The rear end portion of the structure 50R behind the rotating mechanism 50 supports the front end portion of the swing unit 40 . The front end of the swing unit 40 is supported so as to be able to swing up and down through a "swing shaft (pivot shaft) 41 extending in the left-right direction". The rear end portion of the rocking unit 40 is connected to the upper rear portion of the rear vehicle body frame 21 via left and right rear bumpers (not shown) and is supported. Including these rocking units 40 , left and right rear cushions (not shown in the drawings), and the rear body frame 21 , the rear vehicle body 5 constitutes a rear wheel suspension device (rear suspension).

The entire rear body 5 including the rear body frame 21 is covered by a rear body cover 70 . The rear body cover 70 includes: a front wall part 71 forming an inclined front surface slightly parallel to the second rear frame 22; an upper wall part 72 extending rearward from an upper end of the front wall part 71 in a slightly parallel manner; a rear fender 74, covering the upper part of the left and right rear wheels 4a, 4b. The upper wall portion 72 forms a stage 75 on the upper surface of the rear vehicle body 5 together with the rear upper frame 23 and the like. The front wall portion 71 is formed to be approximately parallel to the rear inclined portion 94 a of the front vehicle body 3 . The front wall portion 71 is arranged so as to have a gap between the front wall portion 71 and the rear inclined portion 94a by a gap "to an extent that does not interfere with the rear inclined portion 94a when the front and rear vehicle bodies 3 and 5 are relatively rocked".

As shown in FIG. 2, the swing unit 40 is arranged between the left and right rear wheels 4a, 4b. The pan unit 40 is configured to extend from the pan shaft 41 to the rear wheel axle 42 in a side view. The swing unit 40 is arranged such that the longitudinal direction faces the front-rear direction.

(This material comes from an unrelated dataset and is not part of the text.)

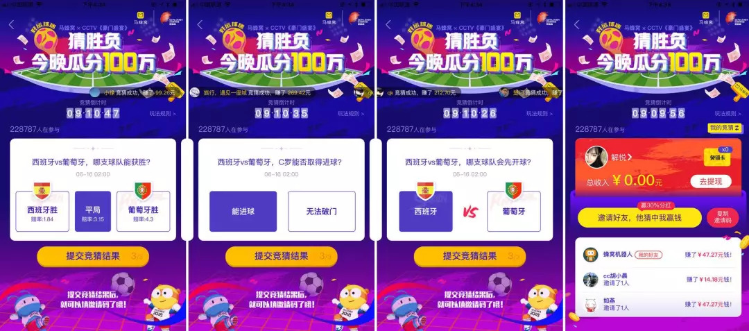 在活动页面有“XXX人在参与”“XXX竞猜成功,赚了XX元”的字样,直观刺激用户参与,增加了活动真实性。
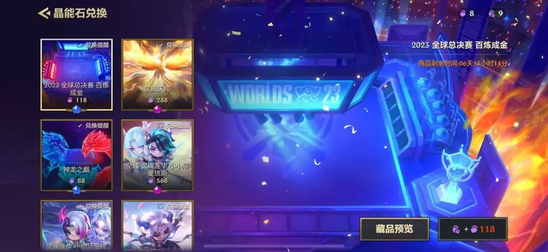 本期晶能召唤限时返场【2023全球总决赛 百炼成金】竞技场,售价为118晶能石!

The rocking unit 40 is constituted as a power unit P that "includes an electric motor (prime mover) 30 as a drive source of the electric vehicle 1". The swing unit 40 includes: a unit case 43 as a structure (rocker arm) that supports the left and right rear wheels 4a, 4b to be able to swing up and down; an electric motor 30 housed in the left side of the front part of the unit case 43; a differential mechanism (differential mechanism) 44 is accommodated in the rear of the unit case 43 . The swing unit 40 is swingably coupled to the turning mechanism 50 in a state in which it is mounted on the sub-arm 43a (refer to FIG. 1 ).

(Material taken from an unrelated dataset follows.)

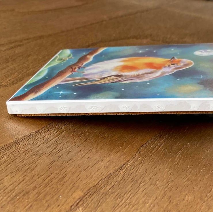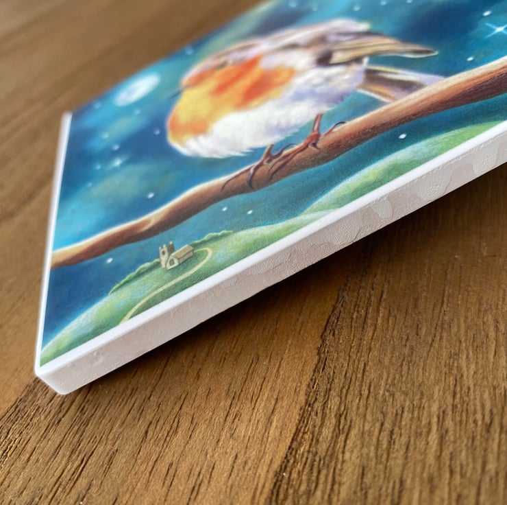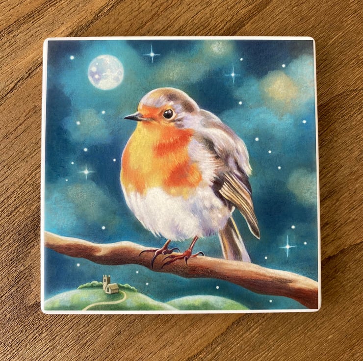 This unique ceramic coaster has a lovely, smooth sandstone finish, with a cork back (please see last picture). It shows off my 'Robin on a Full Moon Night' illustration beautifully. I created the original artwork using a combination of chalk pastel and pencil.

Inside the unit case 43 are provided a rotating shaft 45 , a countershaft 47 , and a rear axle 42 . The rotation shaft 45 , the intermediate shaft 47 , and the rear axle 42 have respective shaft centers extending in the left-right direction of the vehicle body, and are provided parallel to each other. Inside the front left side of the unit case 43, a motor case 46 is accommodated. The inside of the front part of the power unit P is provided with a parking lock mechanism 80 that locks the left and right rear wheels 4a and 4b so as not to rotate when the vehicle is parked on a slope.

The rotation shaft 45 is provided in the front part of the unit case 43 . The rotating shaft 45 is the output shaft of the electric motor 30 . The rotating shaft 45 is rotatably provided in "the motor housing 46 provided in the unit case 43" through the bearings 51 and 52. The electric motor 30 is provided within the motor housing 46 . The electric motor 30 includes a rotor 31 fixed to the radially outer side of the rotating shaft 45 , and a stator 32 provided on the radially outer side of the rotor 31 and fixed to a motor case 46 .

The rotation shaft 45 is provided so as to protrude from the motor housing 46 toward the right side of the vehicle body. The protruding portion of the rotating shaft 45 is rotatably supported by "the front end portion of the collar protruding from the right side of the motor housing 46" through the bearing 53a. The right end portion of the rotation shaft 45 is rotatably supported by the right side wall of the unit case 43 through the bearing 53b. A pinion gear 54 is provided at a portion located between the bearings 53a and 53b on the right protruding portion of the rotating shaft 45 . The pinion gear 54 is, for example, a helical gear.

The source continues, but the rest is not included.